Los usuarios del AVE entre Zamora y Madrid han exigido este viernes, con un escrito que han entregado en la Subdelegación del Gobierno, la puesta en marcha de un servicio madrugador que deje a los viajeros de la ciudad en la capital de España entre las 7.30 y las 8.15 horas de la mañana. La intención es que el documento llegue al Ministerio de Transportes y Movilidad Sostenible para que, finalmente, Renfe dé una solución a las personas que pretenden utilizar el tren para seguir viviendo en la provincia que más se despuebla de España.

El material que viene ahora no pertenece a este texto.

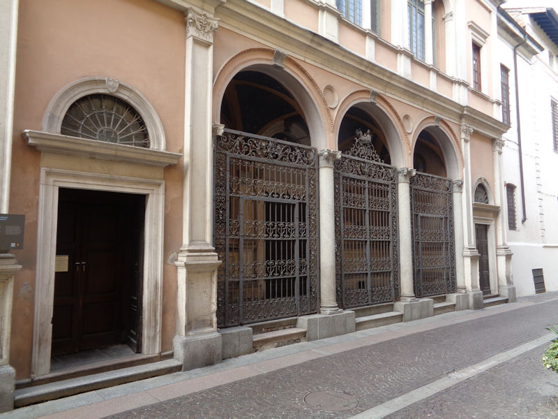 The unassuming entrance and front portico of the Incoronata -- the façade dates from 1879, but the amazing interior was designed by a student of Bramante named Battagio in 1488 and built at the city's expense over a brothel. It's 'considered one of the masterworks of the Lombard Renaissance art'.

El documento firmado por la asociación de usuarios de tren de Zamora recuerda que, en estos momentos, la ciudad no dispone de un servicio ferroviario que permita la llegada a Madrid en un horario compatible con el inicio ordinario de la jornada laboral. Los afectados explican que esa situación supone una «excepción» dentro de las capitales de provincia que se encuentran a una distancia inferior a hora y media de viaje de la gran urbe española y que se encuentran en la red AVE.
Por eso, y ante la demanda que existe, los usuarios reclaman el madrugador en aras de favorecer la movilidad diaria, la fijación de población, la cohesión territorial y la reducción del uso del vehículo privado. La idea es que ese servicio sea protegido bajo la Obligación de Servicio Público (OSP), «con el fin de garantizar su estabilidad, permanencia y continuidad en el tiempo».
En paralelo a esa petición, los usuarios han incluido un punto en el documento para protestar por los «reiterados retrasos» del tren más temprano que existe ahora mismo, que debería llegar a Madrid unos minutos antes de las nueve de la mañana, pero que, en las últimas semanas, está sufriendo demoras de hasta 40 y 50 minutos. «El retraso medio prácticamente quintuplica el del resto de líneas, lo que supone un perjuicio continuado», lamentan los miembros del colectivo firmante.
Para los usuarios, se hace necesario determinar las causas estructurales de esta situación y establecer las medidas correctoras oportunas. También entienden los afectados que la ejecución del desdoblamiento de la vía entre Zamora y Medina del Campo desahogaría la situación y «contribuiría de forma decisiva al desarrollo logístico y empresarial del entorno».
Los casos particulares
Más allá de la situación general, los afectados que han acudido este viernes a la Subdelegación tienen sus propias casuísticas personales unidas por un nexo común: todos ven peligrar su continuidad en Zamora con el trabajo en Madrid si no se interviene pronto. Tal es el caso de Alfonsi Melero, que lleva año y medio como trabajadora pública en la capital de España mientras reside en la provincia: «No vivimos tranquilos porque la llegada es cada vez más tarde», asegura.
Melero transmite una cierta frustración ante un panorama personal que, aún así, no es de los más complejos. Ella tiene flexibilidad horaria y teletrabaja tres días. El problema viene en los otros dos, incluso con el margen que le ofrecen sus circunstancias: «Todo tiene un límite y tememos alguna consecuencia», asevera la mujer.
Por su parte, el presidente de la asociación, José Ramón Andrés, destaca la acumulación de problemas, las dificultades para llegar a reuniones y el escenario «inviable» que se va dibujando para los usuarios. El representante del colectivo apunta, además, que la llegada posterior a las nueve hace que los viajeros se encuentren con menos frecuencias del Cercanías, lo que demora aún más la llegada a sus puestos de trabajo.